Always ensure the goulash is heated to an internal temperature of 165°F (74°C) before serving.

Frequently Asked Questions

Can I use a different type of pasta?

Absolutely! While elbow macaroni is traditional for Old Fashioned Goulash, you can certainly substitute it with other small pasta shapes. Ditalini, small shells, or even penne can work well. Just be aware that cooking times might vary slightly depending on the pasta shape and size. Ensure the pasta is fully submerged in the sauce for even cooking.

Is this goulash gluten-free?

As written, this recipe is not gluten-free due to the elbow macaroni. However, you can easily adapt it by using gluten-free elbow macaroni or another gluten-free pasta. Ensure all other ingredients, such as beef broth and Worcestershire sauce, are certified gluten-free, as some brands may contain hidden gluten.

Can I make this goulash ahead of time?

Yes, Old Fashioned Goulash is an excellent make-ahead meal! In fact, many people find the flavors deepen and improve after a day or two in the refrigerator. You can prepare the entire dish, let it cool, and then store it in an airtight container in the refrigerator for up to 3-4 days. When reheating, you’ll likely need to add a splash of beef broth or water to thin the sauce, as the pasta will absorb liquid as it sits.

Why is my goulash too soupy or too thick?

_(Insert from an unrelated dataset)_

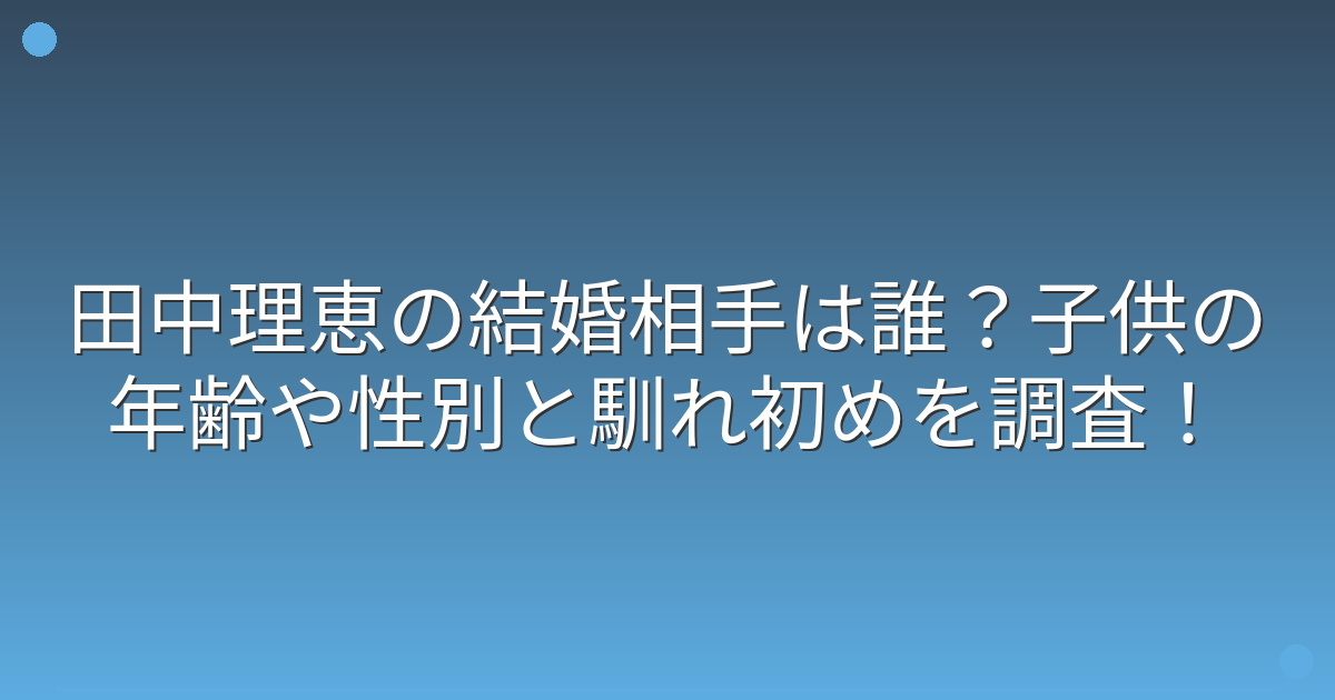 そこで今回は、田中理恵さんの結婚相手や子供、そして馴れ初めについて詳しく見ていきましょう!

The consistency of goulash can vary based on factors like the moisture content of your tomatoes, how much liquid evaporates during simmering, and the type of pasta used. If your goulash is too soupy, you can simmer it uncovered for a bit longer to allow more liquid to evaporate, or stir in a tablespoon of cornstarch mixed with a tablespoon of cold water (a slurry) during the last few minutes of cooking. If it’s too thick, simply add more beef broth or water, a quarter cup at a time, until it reaches your desired consistency. Remember to stir well after each addition.